▶ About this exercise:
Find the line with "이날 우범기 전주시장은" in the entries below, then output every line from it down to the line with "So I was startled, but", exactly and with no pictures.

▶ Task data:
=== Begin Enclosure ===

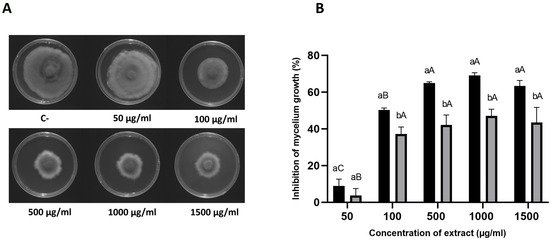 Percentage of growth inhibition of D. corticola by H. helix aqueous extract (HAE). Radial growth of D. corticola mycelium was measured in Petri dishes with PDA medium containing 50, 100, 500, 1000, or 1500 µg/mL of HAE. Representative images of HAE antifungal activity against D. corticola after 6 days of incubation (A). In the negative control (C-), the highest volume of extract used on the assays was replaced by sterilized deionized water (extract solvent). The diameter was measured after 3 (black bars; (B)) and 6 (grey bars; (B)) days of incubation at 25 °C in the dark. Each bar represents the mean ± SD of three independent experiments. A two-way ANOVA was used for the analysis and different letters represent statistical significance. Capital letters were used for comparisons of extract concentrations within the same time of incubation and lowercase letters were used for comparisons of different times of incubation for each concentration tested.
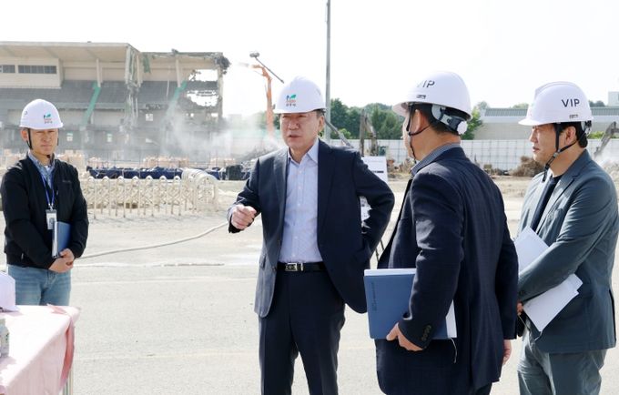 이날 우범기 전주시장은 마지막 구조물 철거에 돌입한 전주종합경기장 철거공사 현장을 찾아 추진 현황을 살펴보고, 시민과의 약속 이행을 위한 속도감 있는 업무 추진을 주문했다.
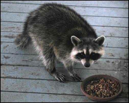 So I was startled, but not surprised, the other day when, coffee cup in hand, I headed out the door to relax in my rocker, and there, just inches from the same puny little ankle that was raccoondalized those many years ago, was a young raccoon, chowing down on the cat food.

=== End Enclosure ===
=== Begin Enclosure ===

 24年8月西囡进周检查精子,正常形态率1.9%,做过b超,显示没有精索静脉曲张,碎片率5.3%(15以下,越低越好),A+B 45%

=== End Enclosure ===

▶ Response to the exercise:
 이날 우범기 전주시장은 마지막 구조물 철거에 돌입한 전주종합경기장 철거공사 현장을 찾아 추진 현황을 살펴보고, 시민과의 약속 이행을 위한 속도감 있는 업무 추진을 주문했다.
 So I was startled, but not surprised, the other day when, coffee cup in hand, I headed out the door to relax in my rocker, and there, just inches from the same puny little ankle that was raccoondalized those many years ago, was a young raccoon, chowing down on the cat food.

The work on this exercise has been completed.